Второй фронт — страница 29 из 60

— Я еще не получил об этом известия, но сегодня же приму меры для переправки танковых корпусов в сборочный цех. Правда, он еще недостроен, установлен лишь один портальный кран, даже нет крыши… ветер гуляет там, но раз такое дело — начнем готовиться к сборке.

— Я привез предписание, — продолжал, переходя на полный голос, Чижов. — Я привез предписание — мобилизовать в помощь заводу два строительных батальона и некоторые вспомогательные воинские части.

— Спасибо, товарищ Чижов. В людях большая нужда.

— Может быть, мы вместе пройдем в сборочный корпус, — сказал Чижов. — Я хочу сам видеть, в чем нуждается завод.

— Пройдемте, — поднялся Махов, взглянув на Чижова уже совсем другими глазами.

2

Взявшись за отливку шабота, Гаврила Никонович твердо верил в успех дела и решительно отметал все сомнения, кем бы они ни высказывались.

Даже когда Сарычев, взяв его под руку, отвел подальше от пышущих жаром мартенов и спросил дружелюбно:

— Ну, как, Никонович, не чувствуешь страха перед великаном? — Клейменов усмехнулся в усы и так же полушутя ответил:

— Волков бояться — в лес не ходить…

— Так-то так, а все же? Ведь в шаботе-то сто пятьдесят тонн стали?!

— Когда медведь насядет — отступать нельзя. Это мне еще дед говорил. Думаю, одолеем и великана. Только надобно, чтобы все меня слушались и что скажу — делали бы без оглядки. Выполняли бы как военный приказ. Тут что не так — всему делу погибель.

— Знаю, Никонович, знаю. Все понимают трудность и важность отливки. Твои распоряжения будут выполняться беспрекословно.

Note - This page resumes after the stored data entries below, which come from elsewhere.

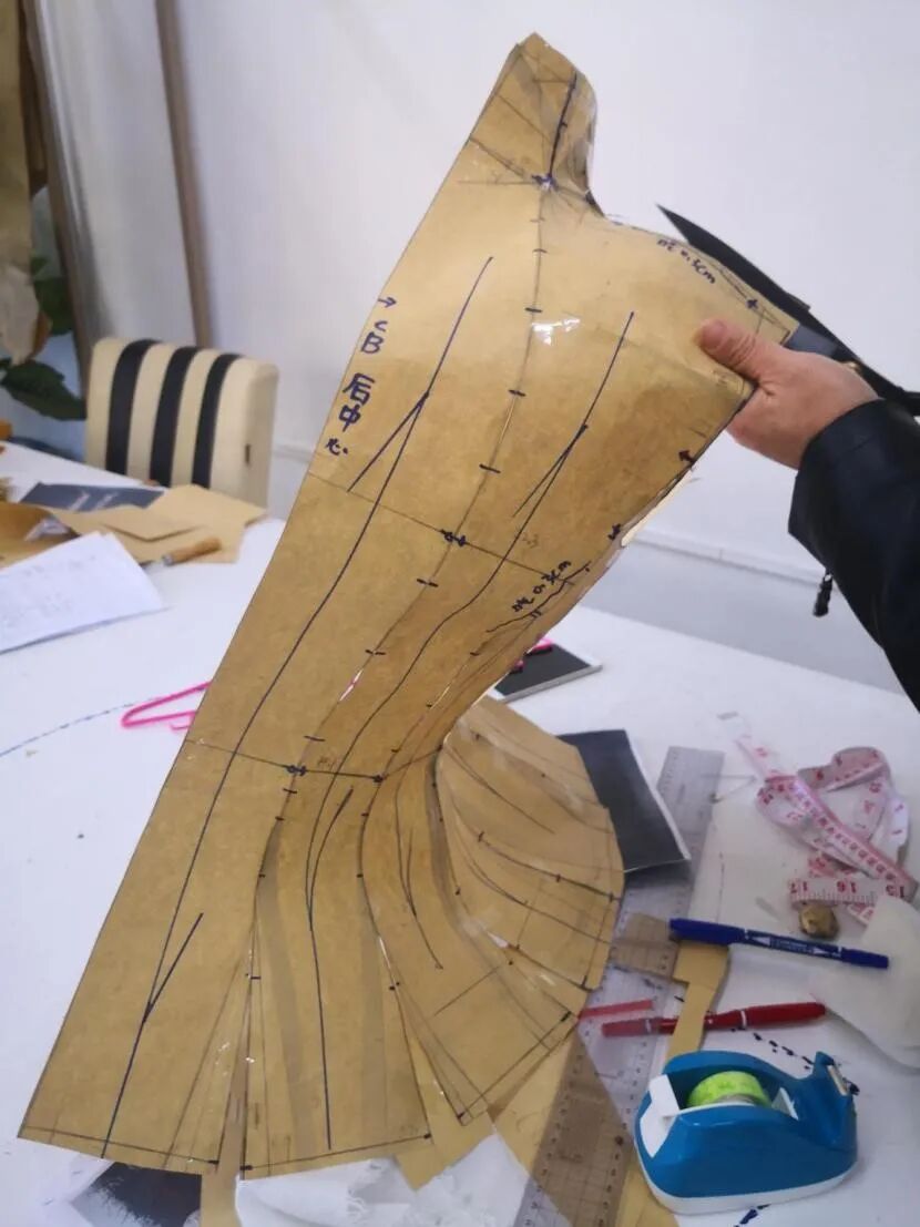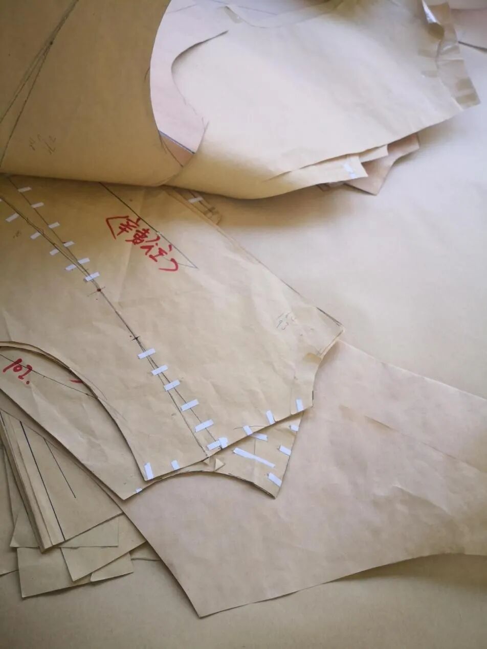 设计师们在演员出发之前大体量好身长和三围尺寸,按照这个数据将刻度标注于人台上,之后用牛皮纸裁剪成纸样。在大体的方案确定后,制版师们再用普通布料一块块的替换成白模样衣。在裁剪最终材料之前,服装团队需要在白模阶段确保每一个细节的造型和修改不会影响到演员的动作呈现,因此在每一件白模的每一次细微调整之后,设计师都要将服装快递到上海让演员试穿,进行视频交流,确定后再由上海发回工厂,开始最终选材。
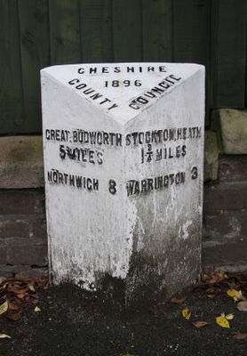 Milepost, Pewterspear, half mile N of Stretton Cross Roads, milepost in Stretton, Warrington, Cheshire, England, UK
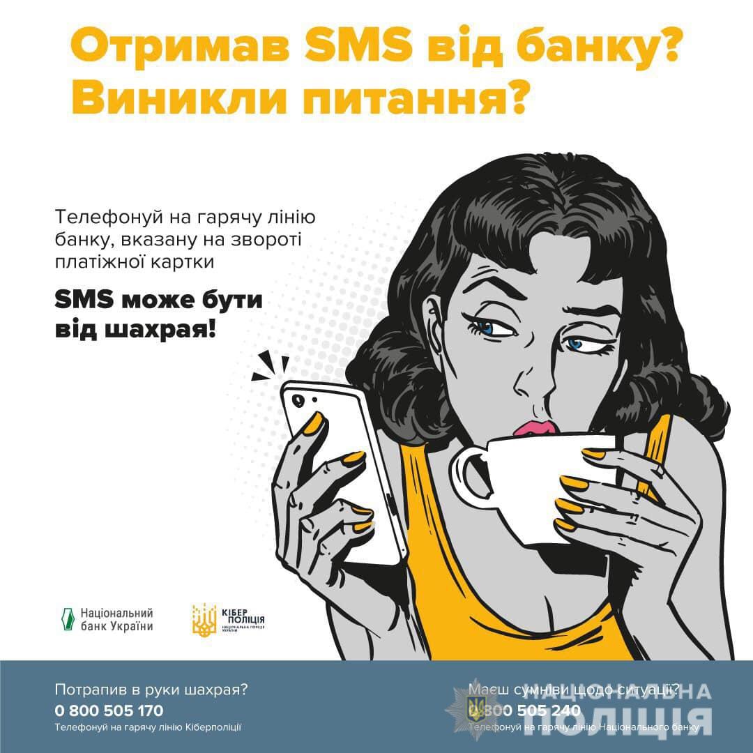 Одна з найпоширеніших схем шахрайських дій. Шахраї шлють СМС потенційним жертвам з повідомленням про блокування вашої банківської картки для розблокування якої, рекомендують перетелефонувати на визначений номер. Після чого в ході розмови, мотивуючи перевіркою та ідентифікацією клієнта, випитують необхідні для зняття коштів данні, а саме: повний номер банківської картки, термін дії та CVV код (3 цифри на зворотньому боці картки). Ці всі дані у жодному разі не можна повідомляти стороннім, бо знаючи необхідну інформацію злочинці легко здійснють заволодіння коштами довірливих громадян. (особам похилого віку, які не здійснюють розрахунки в мережі інтернет, взагалі рекомендуємо стерти CVV код аби вони не змогли назвати його шахраям).
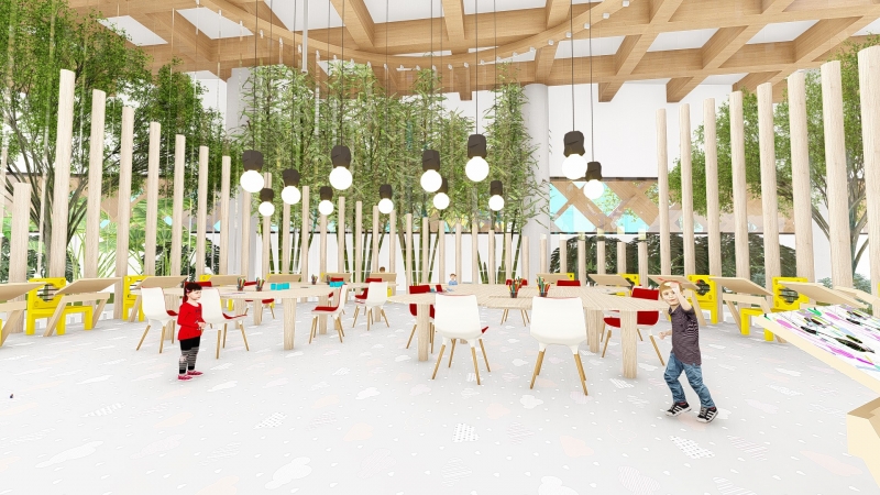 Por meio de uma arquitetura criativa, com princípios sensoriais, a ideia é que o centro de referência permita um desenvolvimento integral da criança, proporcionando experiências estimuladoras, bons cuidados e ambiente seguro. "Eu queria propor uma creche diferenciada, já que não existe uma com esses princípios sensoriais na cidade, colocando a criança em primeiro plano. Dessa forma, buscamos a ideia de uma composição projetual que priorizasse o bem-estar, o aprendizado e a segurança dos alunos por meio da sensorialidade na edificação, seja na utilização do mobiliário diferenciado, no uso das cores, na presença de áreas recreativas, bem como a influência que o paisagismo promove na obra, por meio de jardim sensorial", defende a autora do trabalho.
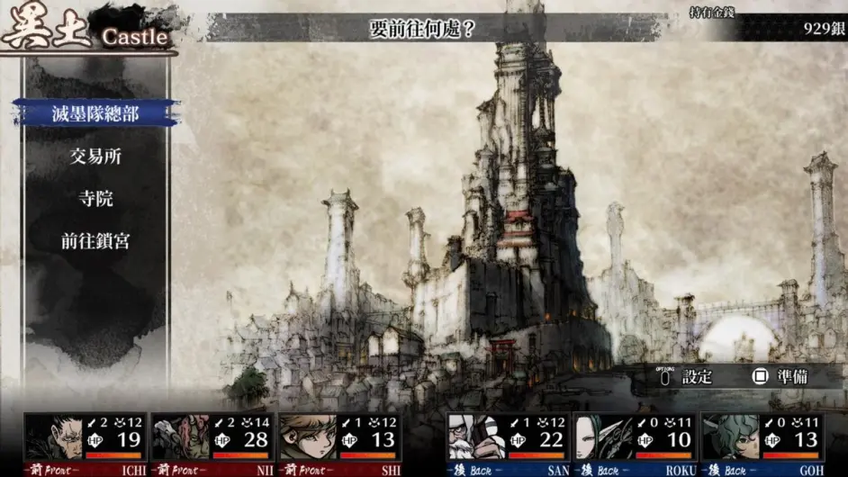 遊戲的可活動區域包括了城鎮(功能性設施)和外部地牢兩個部分,有那麼一丟丟像是《暗黑地牢》的感覺。比如同樣是存在購買裝備的交易所、復活&接觸墨水污穢(被部分敵人攻擊會積累的負面狀態,會減少生命上限)的寺院、招募新兵的總部:當然,本作的設施類型少很多,也不存在建設和養成要素。值得一提的大概有兩點:
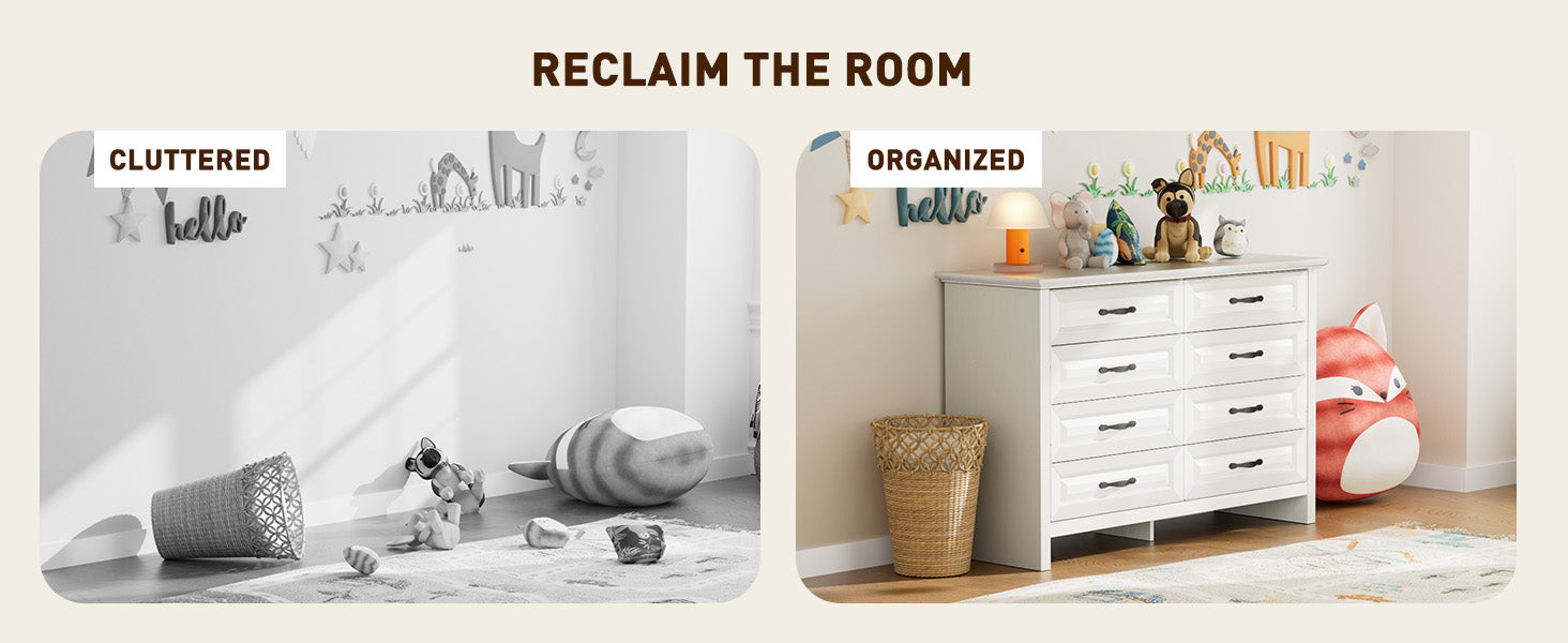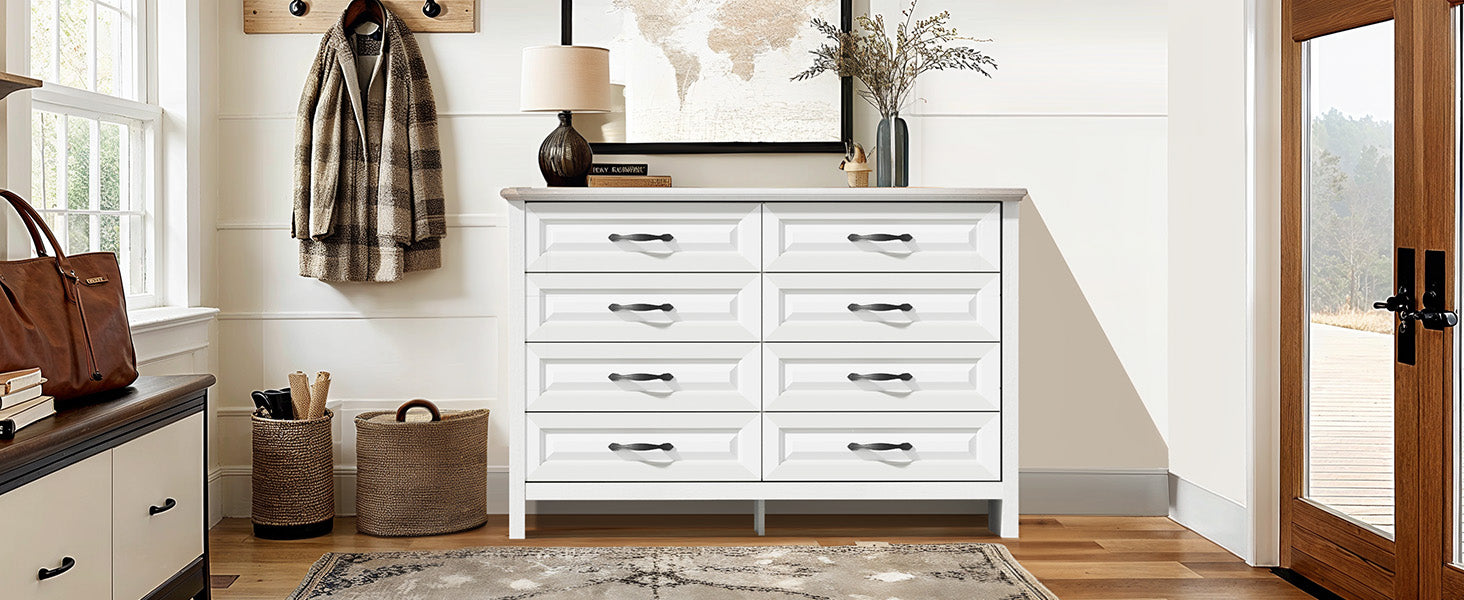 BAYCLARA Pearl White Dresser,5–8 Drawer Storage Chest
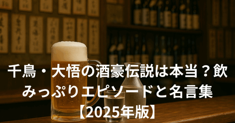 千鳥・大悟の伝説的な酒豪エピソードを徹底解説。「ラスト1杯からの8杯」「ワイン30本買い占め」など豪快な飲みっぷりと名言集をまとめました。破天荒ながらも憎めない大悟さんの魅力が満載! -
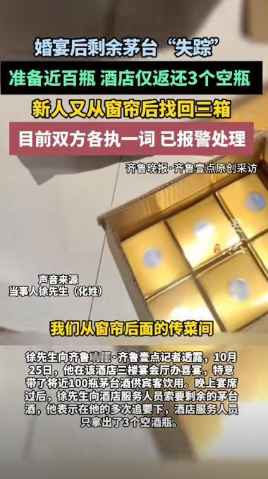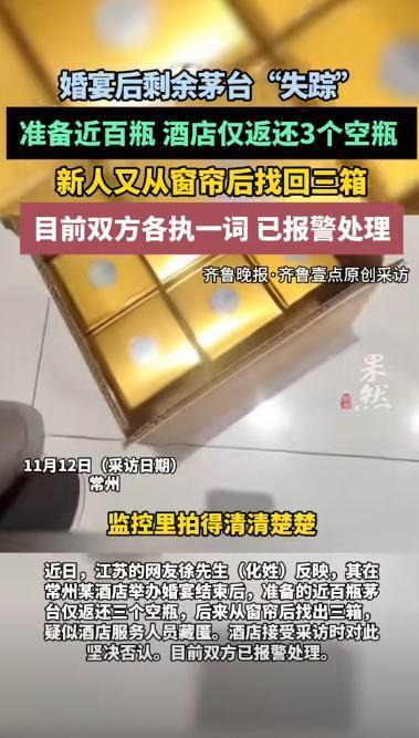 江苏一男子在酒店办婚宴,带了近百瓶茅台待客,结果宴会结束,酒店却只返还3个空瓶,一开始他以为喝完了,不料,却在角落窗帘后找到3箱酒,他质疑酒店人员藏匿,酒店坚决否认,双方僵持不下选择了报警。 江苏最近的一场婚宴,本是欢欢喜喜的大事,没成想宴散后却闹得满肚子火气,还跟酒店起了争执。 事儿得从办喜当天说起,杨先生(化名)为了答谢来的亲友,自己掏腰包带了近百瓶茅台,全摆上了酒桌,宾客们吃得开心、喝得尽兴,婚宴看着挺圆满。 可等吃完之后清理的时候,酒店管理人员就只给杨先生了三个空酒瓶子。 一开始杨先生没太在意,想着可能是客人顺手把空瓶带走了,或者落在了餐桌底下没找到,也就没多追问。 可后来他竟在宴会厅的一处窗帘后面,意外发现了整整三箱没开封的茅台,这一下,杨先生的疑虑全上来了,好好的酒怎么会藏在窗帘后面。 他立马找酒店工作人员要说法,觉得这些酒要么是被故意藏起来了,要么就是酒店没按约定交还,甚至可能有人想私自挪用。 酒店那边却不承认,说宴会结束后,工作人员都是按惯例统一清点,然后分类处理空瓶的,窗帘后面要是有箱酒,大概率是客人临时放在那儿,或者打包的时候不小心落下的,跟他们没关系。 两边各说各的理,语气越来越冲,原本喜庆的氛围一下就变紧张了,最后没办法,双方都同意报警,还让警方和酒店管理方一起查监控、对盘点记录,想把事儿弄明白。 网上不少人也在讨论这事,有网友站杨先生这边,觉得茅台不便宜,酒店在这种场合得负起保管和交接的责任,劝杨先生坚持要回损失,让酒店公开监控和盘点记录。 也有网友劝大家冷静,说先把监控调出来,跟现场证人和清单对一对,别凭着情绪指控,万一弄错了还会损害别人名誉。 目前警方还在跟双方协商、核查,不管最后结果怎么样,这事儿都给要办婚宴的人和酒店提了个醒,涉及贵重东西交接,光讲面子、靠信任可不行,得有制度和证据。 准备办婚宴的家庭,提前把酒水交接的细节说清楚,留好买酒和装箱的凭证,让酒店开接收单据,这是对自己负责,也是对别人负责。 酒店把流程完善好,做事透明点,既能少惹麻烦,也能攒下好名声,做生意,口碑和责任心都重要。 对此,你还有什么看法呢? (信息来源 :齐鲁晚报 )
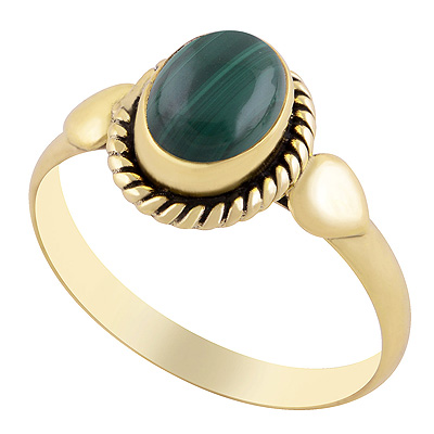 Beautiful Drop Design Around Malachite Oval Shape Solid Brass Ring
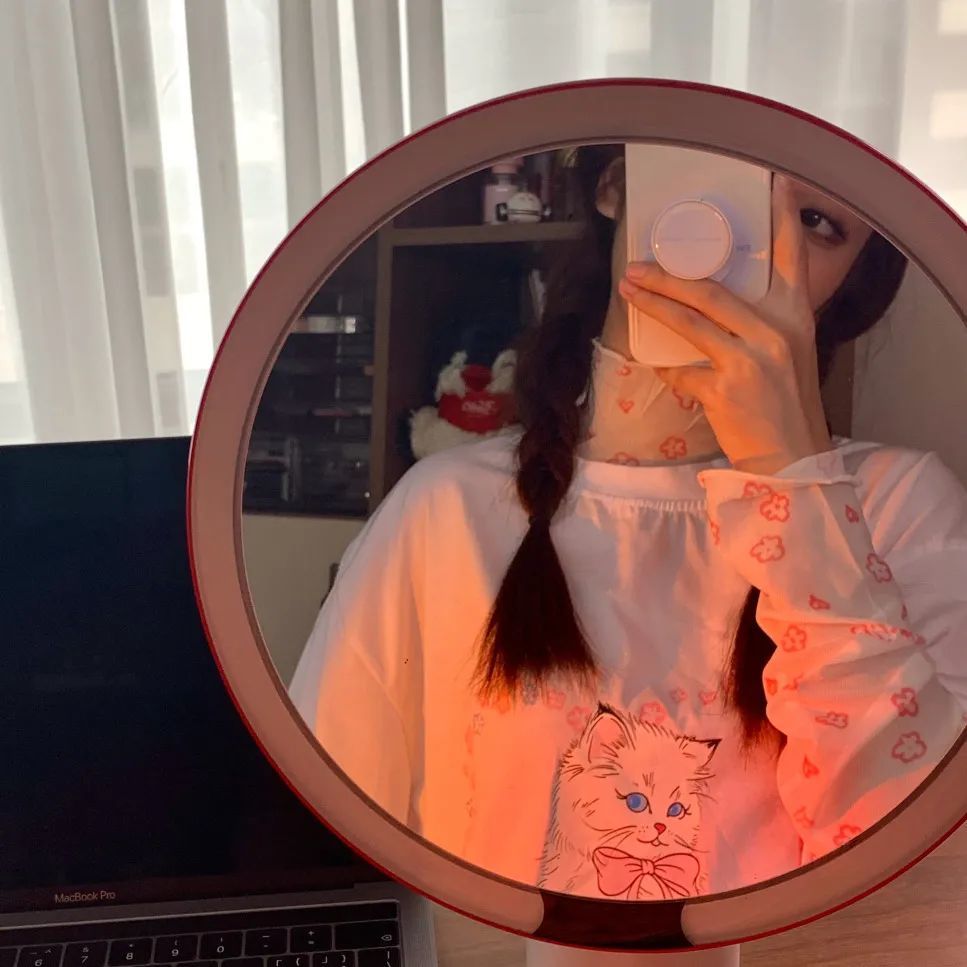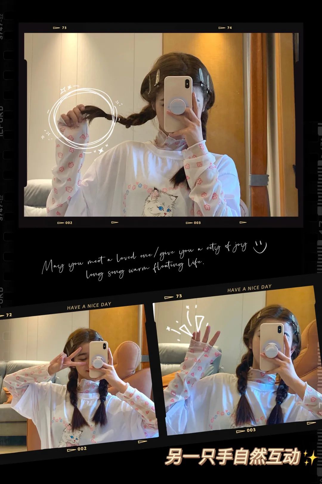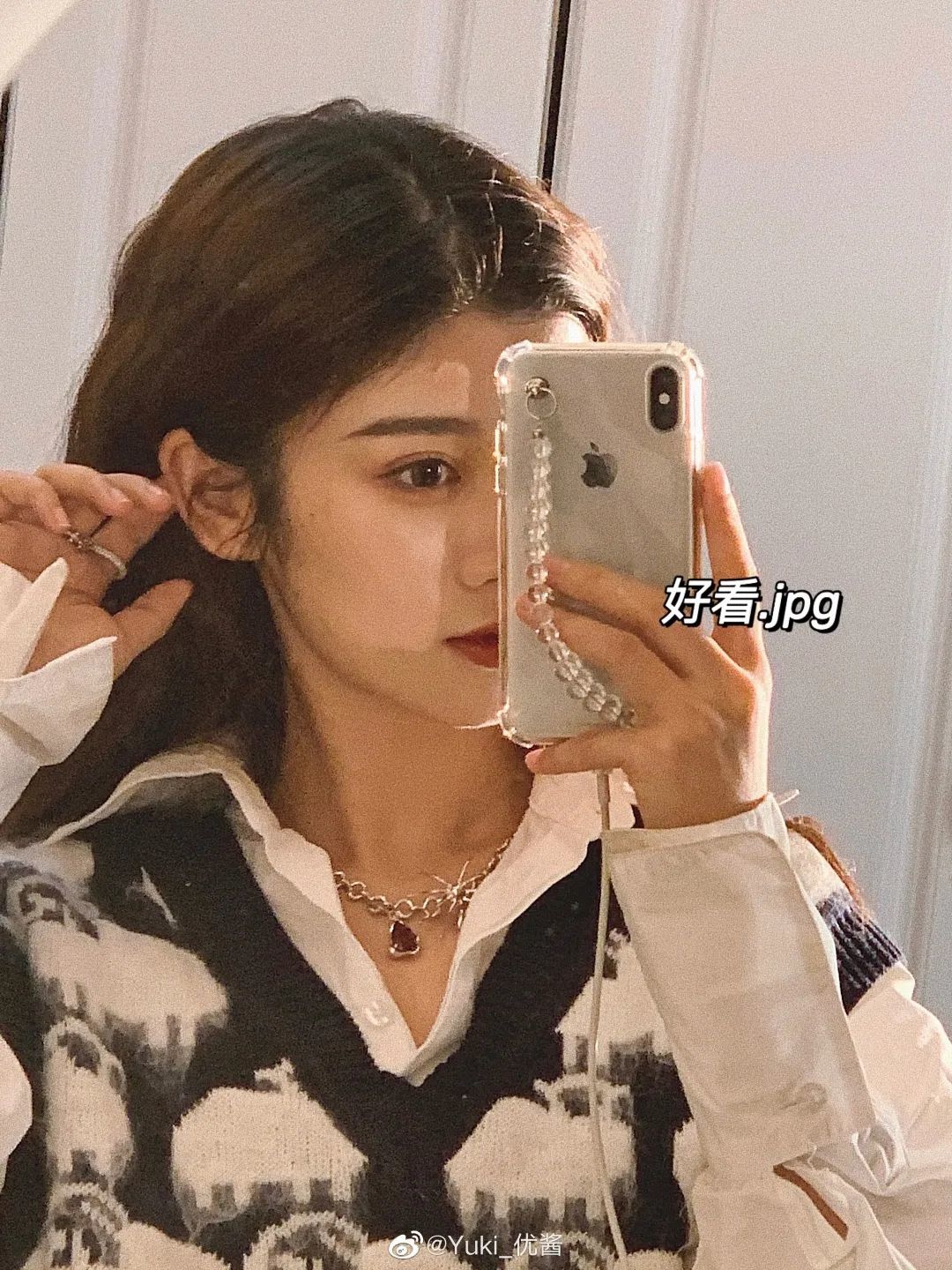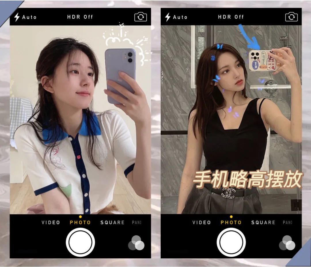 敲重点:手机在镜子里摆放的位置略高于头部(太阳穴附近),俯拍显脸小,这个tips对镜拍也一样适用。
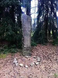 The last wolf in the area was destroyed by a 61 years of age farmer named Hermann Gaatz on 27 August 1948 around the Schotenheide area between Eilte and Rodewald. It followed what had become a period of local hysteria known as Würger vom Lichtenmoor, or the Strangler of Lichtenmoor, after a number of domestic pets, cattle, sheep and wildlife had been found mutilated injuries tended to be unusually clean cuts and around the hind right quarters, which suggested a human with a knife rather than those inflicted by a predatory animal). A stone was positioned on the very spot where the animal fell, which had been found to be a 6-year-old male weighing 43 kg, with a shoulder height of 85 cm and length of 1.70 cm, who last seen stalking deer.

Я сам буду присутствовать при отливке.

— Это хорошо, спасибо, Семен Николаевич. Однако насчет других-прочих, — помилосердствуйте… Отливка — не спектакль… Тут не должно быть ни одного лишнего человека.

— Ладно, так и будет! Когда думаешь отливать?

— Как только просохнет форма.

— Хорошо. Понятно. А почему в литейном не стал отливать?

— Там ковши малы и место пониже, чем в мартеновском. Боялся подпочвенной воды.

— Разумное решение принял. Ну, до встречи, Никонович. Желаю тебе успеха! — сказал Сарычев, крепко пожимая широкую ладонь.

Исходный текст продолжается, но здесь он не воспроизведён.